Cosima von Bonin hat das intellektuelle Getue rund um die Kunst gründlich satt. Um selbst eine zu machen, „die nicht belästigt“. Die mag spontan sein oder auch nicht. Etwa ihre Stofftiere im XXL-Format, die die 48-jährige Deutsche im Kunsthaus Bregenz faul auf Podeste gelegt hat, die eigentlich keine sind. Sondern ein alter Strandkorb, ein ausrangiertes Schulmöbel, ein Beistelltischchen oder ein Schiedsrichterstuhl. Auf Letzterem lässt Cosima von Bonin etwa einen Pinocchio sitzen, der aus dem geschützten kunsträumlichen Spielfeld hinaus ins reale Leben zu blicken scheint. Vielleicht Ausschau hält nach der wirklichen Kunst, nach dem wirklichen Leben. Manche vermuten in der Figur mit der markanten Nase – die, wie jedes Kind weiß, vom Lügen so lang geworden ist – ein Alter Ego der Künstlerin, die sich auf diese hintergründige Art und Weise über die Vertreter ihrer Branche gründlich lustig macht.

Was die in Kenia geborene, in Köln lebende Künstlerin mit ihrer Kunst wirklich meint, wird man nie erfahren. Verweigert sie sich doch jeder Interpretation ihrer Arbeit durch sie selbst, was Cosima von Bonins internationaler Karriere allerdings nicht im Wege stand. Besonders seit der Kasseler documenta von 2007, wo sie im gesamten Ausstellungsgelände ihre überdimensionalen Stofftiere aussetzte und damit den unterdrückten Spieltrieb im Menschen kitzele, der sich in diesem kunstvoll aufgeladenen Kontext seiner infantilen Regungen nicht zu schämen brauchte.

Lümmeln als Zeitvertreib

Der neue Hausherr des Kunsthaus Bregenz, Yilmaz Dziewior, ist allerdings schon lange vor der documenta auf Cosima von Bonin aufmerksam geworden und präsentierte sie 2001 in dem damals von ihm geleiteten Hamburger Kunstverein. Und so ist es nur logisch, dass er für die erste von ihm verantwortete Schau am Bodensee die schräge Zirkusdirektorin zu einem Gastspiel ihrer bunten Menagerie eingeladen hat. Die allerdings an dieser Welt sehr müde geworden zu sein scheint, um sich vom obersten Stock des Kunsthaus Bregenz auf ihrem „Floß Fatigue“ aufzumachen in aufregendere Gefilde.

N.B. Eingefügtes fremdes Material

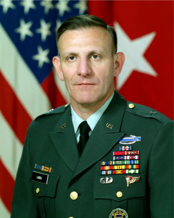 Guy A. J. LaBoa as a brigadier general, circa 1987.
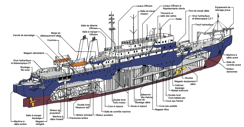 Cable Ship description

In dieses reist der plüschige schwarze Hase nicht ohne sein pinkes Halsband. Aus Angst vor dem Kommenden hat sich das gefräßige Küken bereits vor der Abfahrt sein weißes Federkleid bekleckert, was ihre in Tweed, Teddy oder Samt gekleideten Verwandten in keinster Weise zu stören scheint. Sie lümmeln ganz in sich versunken einer ungewissen Zukunft entgegen, um sich die Wartezeit mit dem Hören von Musik zu versüßen, die Oswald von Moritz speziell für sie und die Ausstellungsbesucher komponiert hat.

Einen Stock tiefer outet sich Cosima von Bonin doch als verkappte Feministin, obwohl sie immer wieder betont, das Getue um Gender im Kunstbereich regelrecht lächerlich zu finden. Indem sie einem veritablen Toyota-Pick-up seine aus Pappelholz bzw. Pappe geschnittenen Replikate gegenüberstellt, räumt die Künstlerin mit einem hohen Maß an Ironie mit männlichem Machismus auf, wenn sie den liebsten Fetisch des starken Geschlechts zum monströsen Spielzeug degradiert, dessen Innenleben inklusive Plattenspieler die Künstlerin noch dazu mit Überzügen aus rotweißkariertem Stoff versehen hat. Der übrigens auch an der Fassade des während der Ausstellung nächtens pink leuchtenden Kunsthauses auftaucht – und dessen „a“ nun ebenfalls mit diesem banale haushaltliche Assoziationen provozierenden Stoff eingehüllt ist.

Kein Kommentar

Diesen, genauso wie die meisten von denen, aus denen Cosima von Bonin ihre „Lappen“ in den vergangenen Monaten von professionellen fleißigen Händen sticheln ließ, hat die Künstlerin in einer der letzten Vorarlberger Textilfabriken gefunden. Dabei handelt es sich um veritable Bilder, die auch wie solche funktionieren. Sie erzählen in der Manier von Comics bzw. kunstvoll übersteigerter Naivität Geschichten, deren Banalität durch geschriebene Zitate oder fiktive Homepages hintergründig durchkreuzt wird.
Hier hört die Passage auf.